For more details on available commands and options, run:

```bash
bamnado --help
```

Or for specific command help:

```bash
bamnado <command> --help
```

## Features

- **High Performance**: Built in Rust for maximum speed and memory efficiency
- **Cross-platform**: Available for Linux, macOS, and Windows
- **Multiple Output Formats**: Support for bedGraph and BigWig output formats
- **Flexible Filtering**: Comprehensive read filtering options including mapping quality, read length, proper pairs, and more
- **Single Cell Support**: Built-in support for cell barcode-based operations
- **MCC Workflows**: Specialized tools for Multi-modal Cellular Characterization
- **Strand-specific Analysis**: Support for strand-specific coverage calculations
- **Blacklist/Whitelist Support**: Region and barcode filtering capabilities

## Development

### Requirements

- Rust 2024 edition or later
- Cargo package manager

### Building from Source

```bash
git clone https://github.com/alsmith151/BamNado.git
cd BamNado
cargo build --release
```

### Running Tests

```bash
cargo test
```

### Pre-commit Hooks

This project uses pre-commit hooks to ensure code quality and consistency.
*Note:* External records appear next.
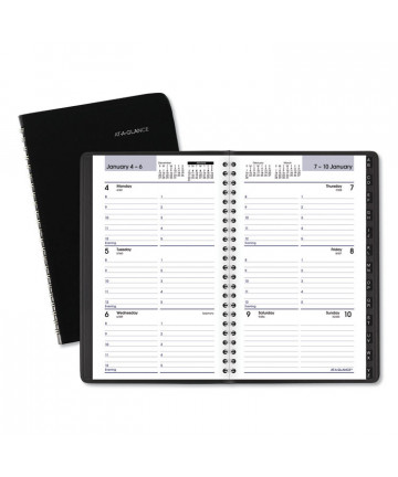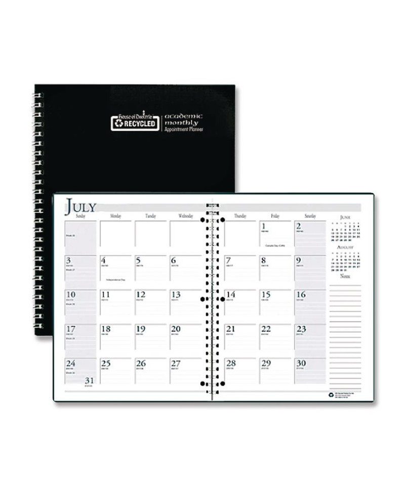 Attractive, flexible and convenient with a thoroughly professional appeal-do more with this Three-Hole Punched Wirebound Academic Monthly Planner. Featuring a letter-size, pre-punched format, its attractive leatherette cover is equally at home on your desk and inside your three-ring binder. Each two-page per month spread provides ruled daily blocks, a ruled notes column, a count of days-past and days-to-come as well as past- and future-month reference calendars, everything you need to keep track every important event throughout the school year. Twin-wire binding allows the planner to lay flat when open while minimizing the potential for snags on bags and clothing. Interior, double-sided storage pocket accommodates loose materials.
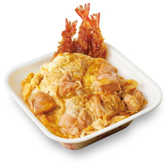 その海老フライを、思わず箸が進む甘じょっぱいタレがしみたタレカツに仕立てました。さらに鶏の旨味とかつおの風味が溶け込んだ特製の割り下で鶏肉を煮込み、鶏卵2個を使用した卵とじを上からのせることで最後のひと口まで丼として堪能できる一杯です。
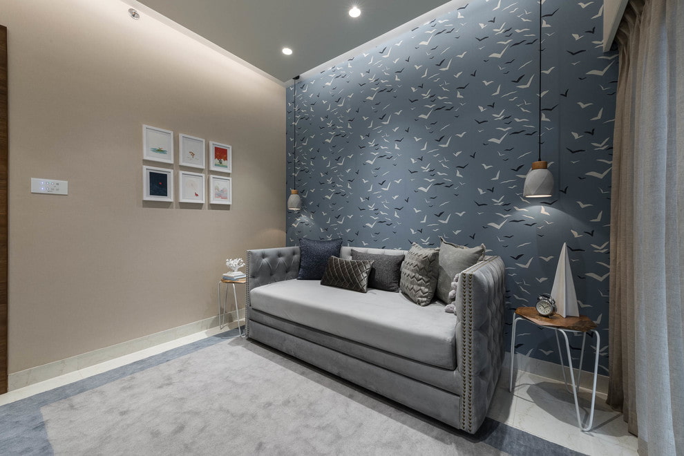 Blue and gray are a great duo that allows you to achieve a calm and neutral interior without bright details. For an even more harmonious design, the blue-gray union can be diluted with warm beige.
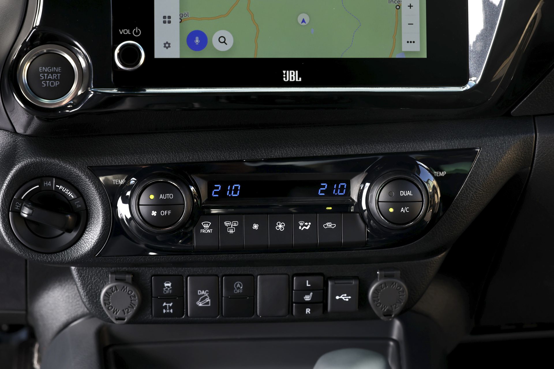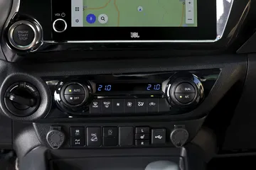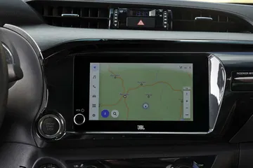 El robusto motor de gasóleo se combina con un generador eléctrico de 16,3 CV y 65 Nm y una pequeña batería de lito de 48 voltios. No puede mover la pick-up en modo eléctrico, en este caso el sistema microhíbrido mejora la respuesta a bajas vueltas, reduce el ralentí de 720 a 600 rpm y hace más suave el funcionamiento del sistema Start/Stop. Además, Toyota asegura que reduce el consumos y las emisiones en un 5%.
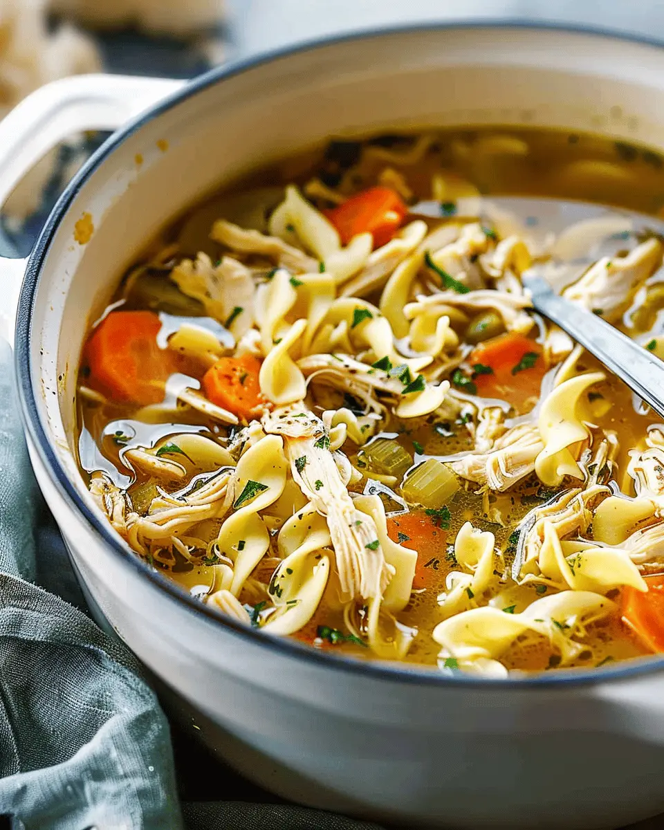 If you have leftovers, let your Chicken Noodle Soup cool completely before transferring it to an airtight container. It can be refrigerated for up to three days or frozen for up to three months. When reheating, do so gently over low heat, adding a splash of water or broth to adjust the consistency, as the noodles might soak up the liquid. Check out this guide on how to properly store soups for more detailed tips!
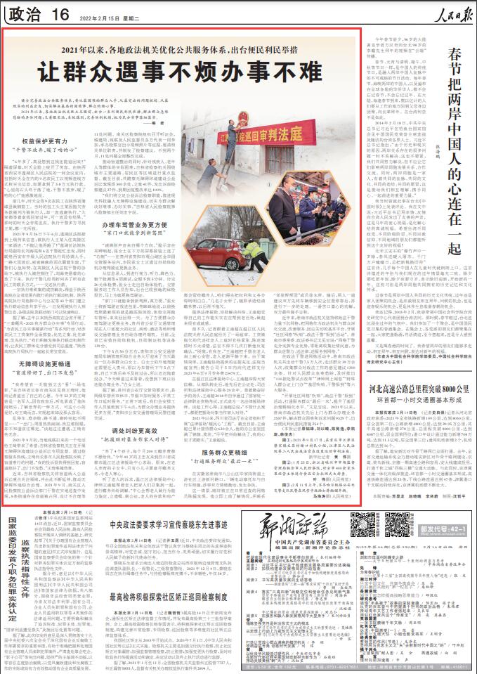 2021年以來,各地政法機關既立足眼前,出臺一系列便民利民舉措,解決群眾急難愁盼的具體問題;又著眼長遠,系統謀劃,完善體制機制,把為民辦實事落細落實。
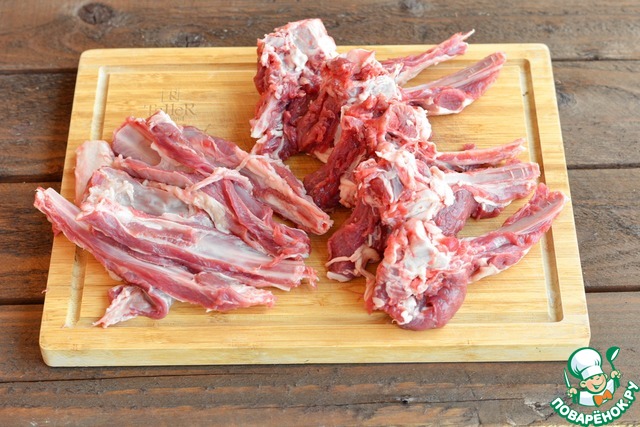 Для жаркого лучше использовать мясо с косточкой, я взяла рёбрышки.
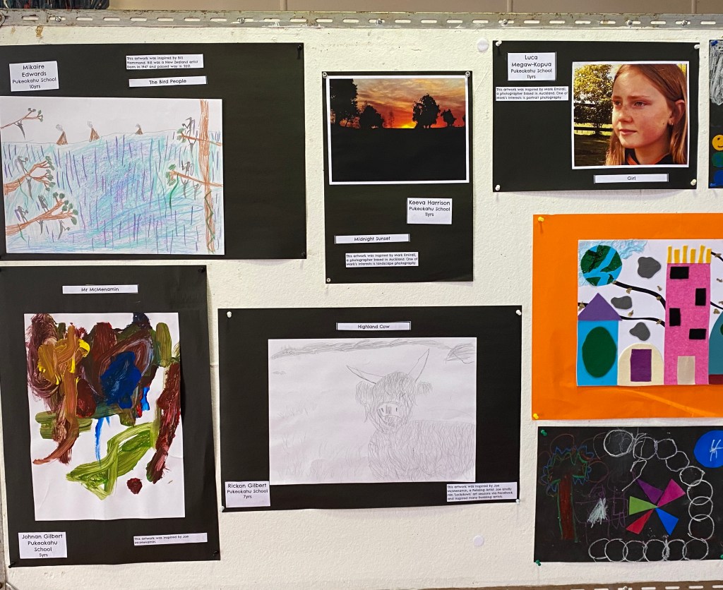 As well as tripping around the rohe having fun we also had our heads down doing some hard mahi. The Fakes and Forgeries Art Display is being held in Mangaweka this weekend so we spend the final weeks of last term learning about NZ Artists, writing biographies then ‘faking’ or forging’ their artwork. We learnt lots about people we’d never heard of and some help literacy skills in the process. If you’re in Mangaweka this weekend (or going through) call in to the Hall to see the school displays. Here’s a sneak peek of ours….
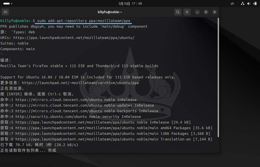 3、添加 mozilla 提供的 ppa,
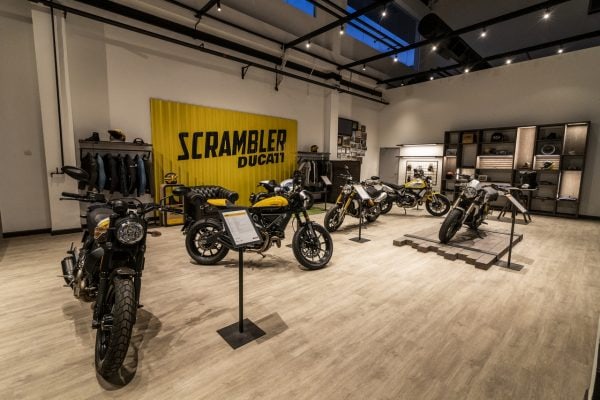 The showroom incorporates Ducati’s latest brand Corporate Identity (CI) with several experiential sections including separate areas for Ducati Apparel Tech and Ducati Accessories, as well as a dedicated Scrambler Camp, complete with its own Apparel Tech and Accessories areas.

The hooks run the same checks as the CI workflow:

- Code formatting (`cargo fmt`)
- Linting (`cargo clippy`)
- Basic checks (`cargo check`)
- Tests (`cargo test` on push)

#### Quick Setup

Run the setup script to install and configure pre-commit hooks:

```bash
./setup-precommit.sh
```

#### Manual Setup

If you prefer to set up pre-commit manually:

```bash
# Install pre-commit (choose one method)
pip install pre-commit
# or: brew install pre-commit
# or: conda install -c conda-forge pre-commit

# Install the hooks
pre-commit install
pre-commit install --hook-type pre-push

# Test the setup
pre-commit run --all-files
```

#### Configuration Options

Two pre-commit configurations are available:

- `.pre-commit-config.yaml` - Full checks including `cargo check` on every commit
- `.pre-commit-config-fast.yaml` - Faster setup with formatting/linting only, tests on push

To use the fast configuration:

```bash
mv .pre-commit-config.yaml .pre-commit-config-full.yaml
mv .pre-commit-config-fast.yaml .pre-commit-config.yaml
pre-commit install
```

#### Useful Commands

```bash
pre-commit run --all-files       # Run all hooks on all files
pre-commit run cargo-fmt         # Run specific hook
pre-commit autoupdate            # Update hook versions
pre-commit uninstall             # Remove hooks
```

## Release Information

### Version 0.3.1 (2025-07-09)

- Initial public release with comprehensive BAM file manipulation tools
- Support for single cell and MCC (Multi-modal Cellular Characterization) use cases
- Cross-platform binary builds available for Linux, macOS, and Windows
- High-performance Rust implementation
- Complete CI/CD pipeline with automated testing and releases

For detailed changelog information, see [CHANGELOG.md](CHANGELOG.md).

## License

This project is licensed under either of:

- Apache License, Version 2.0 ([LICENSE-APACHE]LICENSE-APACHE or <http://www.apache.org/licenses/LICENSE-2.0>)
- MIT license ([LICENSE-MIT]LICENSE-MIT or <http://opensource.org/licenses/MIT>)

at your option.

## Contributing

Contributions are welcome! Please feel free to submit a Pull Request.